The King of Hungary tried to convince his cousin to stay and to strengthen their hold on Germany, but the Cardinal-Infante Ferdinand moved his troops almost immediately after the battle to continue to Brussels. At the end of 1634 he entered Brussels with all the glory befitting a Governor-General. Due to the unpopularity of the clergy in Brussels, he downplayed his religious status and instead emphasized his worldly ranks. Ferdinand was a skilled politician and diplomat, and quickly reformed the government and the military. He especially managed to win the support of the Flemings against France. However, his powers were secretly limited, and the leader of his army was instructed to follow Spanish orders instead of Ferdinand's orders if necessary.

In 1635, the French attacked Namur, planning to merge with the Dutch near Maastricht but were held off by well prepared defenses. At the siege of Leuven, the invading Franco-Dutch forces, suffering badly from supply problems and greatly depleted by disease and desertion, were forced to withdraw when a Spanish relief force arrived. This allowed Spanish forces under Ferdinand to go on the offensive. The Dutch were driven back and the French retreated.

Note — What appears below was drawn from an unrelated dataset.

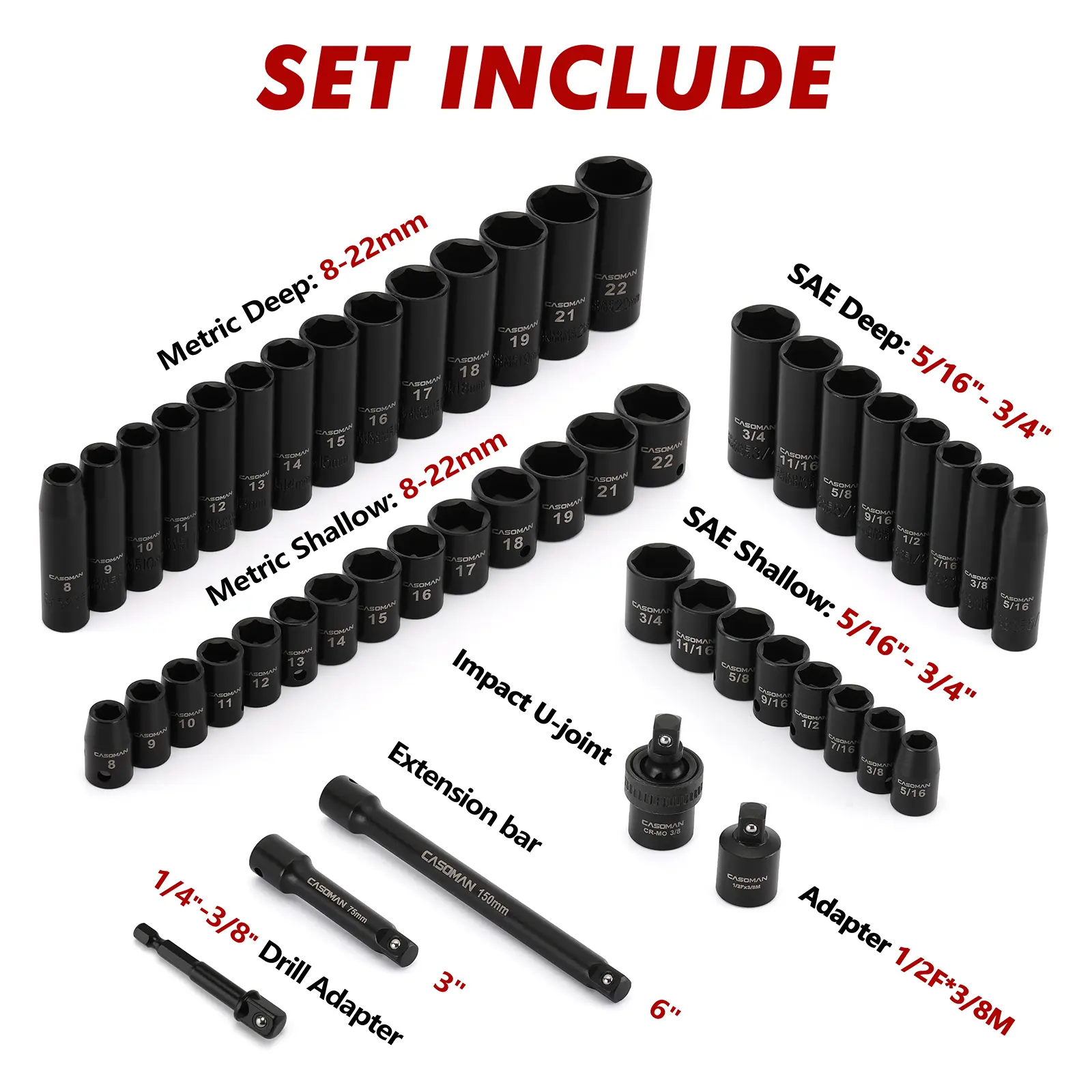 CASOMAN 3/8" Drive Impact Socket Set, SAE and Metric, 5/16-Inch to 3/4-Inch & 8-22 mm, 6 Point, CR-V, 49 Piece Set

Ferdinand subsequently was able to capture Diest, Goch, Gennep, Limbourg, and Schenkenschanz.

"France declared war on me (on me, not on my brother Philip) and I've since then had to fight against their armies and the intrigues of our brother-in-law Louis and his relentless minister Richelieu." – Cardinal-Infante Ferdinand

Coat of Arms of the Cardinal-Infante Ferdinand of Spain.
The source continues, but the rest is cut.